Meryem Uzerli’den ilginç itiraflar
Abone olHürrem Sultan’ı canlandıran Meryem Uzerli, diziden ayrılış öyküsünü, intihara teşebbüsünü ve hamileliğini Hürriyet’ten Ayşe Arman’a anlattı....
Hürrem Sultan’ı canlandıran Meryem Uzerli, diziden ayrılış
öyküsünü, intihara teşebbüsünü ve hamileliğini Hürriyet’ten Ayşe
Arman’a anlattı.
Muhteşem Yüzyıl dizisinin sevilen karakteri Hürrem Sultan’ı
canlandıran Meryem Uzerli, diziden ayrılış öyküsünü, intihara
teşebbüsünü ve hamileliğini Hürriyet’ten Ayşe Arman’a anlattı.
İşte o röportaj…
Mayıs ayında Türkiye’den apar topar kaçtın. Seninle birlikte
hayatımıza ‘tükenmişlik sendromu’ diye bir kavram girdi. Tedavin ne
durumda? Devam ediyor mu?
- Ediyor. Ama en ağır günler geçti. Daha iyiyim şimdi. Saçlarımı
kestirdim. Rengini koyulaştırdım. Doğal halime geri döndüm. Tekrar
bisiklete binmeye başladım. Bu sene sonuna kadar terapim devam
edecek.
Ne tedavisi uygulandı?
- İlk 15 gün sürekli doktor gözetimindeydim. Beni toparlamak için
önce kimyasal ilaç kullandılar sonra bitkisel.

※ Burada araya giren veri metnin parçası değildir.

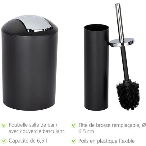 Les accessoires de salle de bain modernes au design subtil Calvo conviennent parfaitement comme équipement complet dans chaque salle de bains ou WC. Les quatre accessoires indispensables de salle de bain allient l’utile et l’agréable grâce à leur design et leur fonctionnalité. Le set d’accessoire de salle de bain Calvo est décliné en deux couleurs : noir et blanc. Avec un liséré chromé, les accessoires de salle de bain s’adaptent à tous les styles de salle de bain et créent une décoration harmonieuse. Fabriqués en plastique robuste avec surface mate, tous ces accessoires de salle de bain sont durables et faciles à nettoyer. Les accessoires s’accordent parfaitement entre eux en matière de style, et produisent ainsi un bel effet dans les salles de bain. Le set d’accessoires de salle de bain contient : une poubelle salle de bain Calvo : Capacité : 6.5L, ø19.5 x L30cm un gobelet brosse à dent Calvo : ø6.5 cm x L13 cm une brosse WC Calvo : ø7.5cm x L36 cm un distributeur de savon liquide Calvo : ø6.5cm x L17.5 cm WENKO, « la meilleure idée » ! La marque WENKO est un succès depuis la fin des années 1950. WENKO est une référence en matière de produits pour salle de bains, cuisine, buanderie et les WC. Concevoir selon « la meilleure idée » : en suivant cette philosophie, WENKO fabrique des produits innovants au design créatif, qui témoignent de l’esprit inventif de ses équipes. Elle met aussi la satisfaction des clients au centre de ses préoccupations, et s’efforce de proposer le meilleur rapport qualité-prix. La société et ses produits ont obtenu de nombreuses distinctions lors d’événements. À votre tour, laissez-vous inspirer par de beaux accessoires et trouvez des idées innovantes pour votre habitat. Découvrez l’univers de WENKO !

Yine de bütün Türkiye geri dönmeni bekliyor. Var mı öyle bir
ihtimal?
- Şu anda yok. Seneye belki. Kim bilir? Ama Hürrem için dönmem
artık mümkün değil.
***
İlla "Sen baba olacaksın!" denmez, demedim
Mesele “Can istemedi, Meryem istedi” değil.Dünyaya gelmek isteyen
bu bebek. Ben bu bebeği bir hediye olarak kabul ediyorum.Ama şunu
da biliyorum, bir erkek istemiyorsa,“İlla sen baba olacaksın!”
denmez. Ben de demedim.
***
BENİ ALIP GERİ GÖTÜRECEKLER!
Sen Türkiye’ye gelen en sevilen yabancılardan biriydin. Bir Alex’e
bir sana bu kadar sevgi gösterildi. Bu kadar sevildiğini biliyor
muydun?
- Bilmiyordum. Çok hoşuma gidiyor bunları duymak. Ben de onları çok
sevdim.
Sence senin sırrın neydi? Samimi ve olduğun gibi görünmen mi?
- Bilmiyorum. Sır mır yok. Belki yalan söylemediğim için, dürüst
olduğum için.
Berlin’de kendini daha mı güvende hissediyorsun?
- Başlangıçta değildim. Klinikte tedavideyken zil çalıyordu mesela.
Korkutuyordu beni. “Türkiye’den geldiler. Beni alıp geri
götürecekler” diyordum. Kafam o kadar karışıktı. Zaten bu yüzden
Almanya’ya geldim. Evet Türkiye’de de çok iyi doktorlar ve
hastaneler var. Ama benim anadilim Almanca. Durumum o kadar
tehlikeliydi ki, birinin beni anlaması lazımdı.
Star olarak yaşadığımız sanal bir hayat
Hakkında, "Daha fazla para istiyor" demeci verildikten sonra neden
"Hayır bu böyle değil!" demedin?
Hakkımda o kadar fazla haber çıktı ki! Her gün 10 farklı haber...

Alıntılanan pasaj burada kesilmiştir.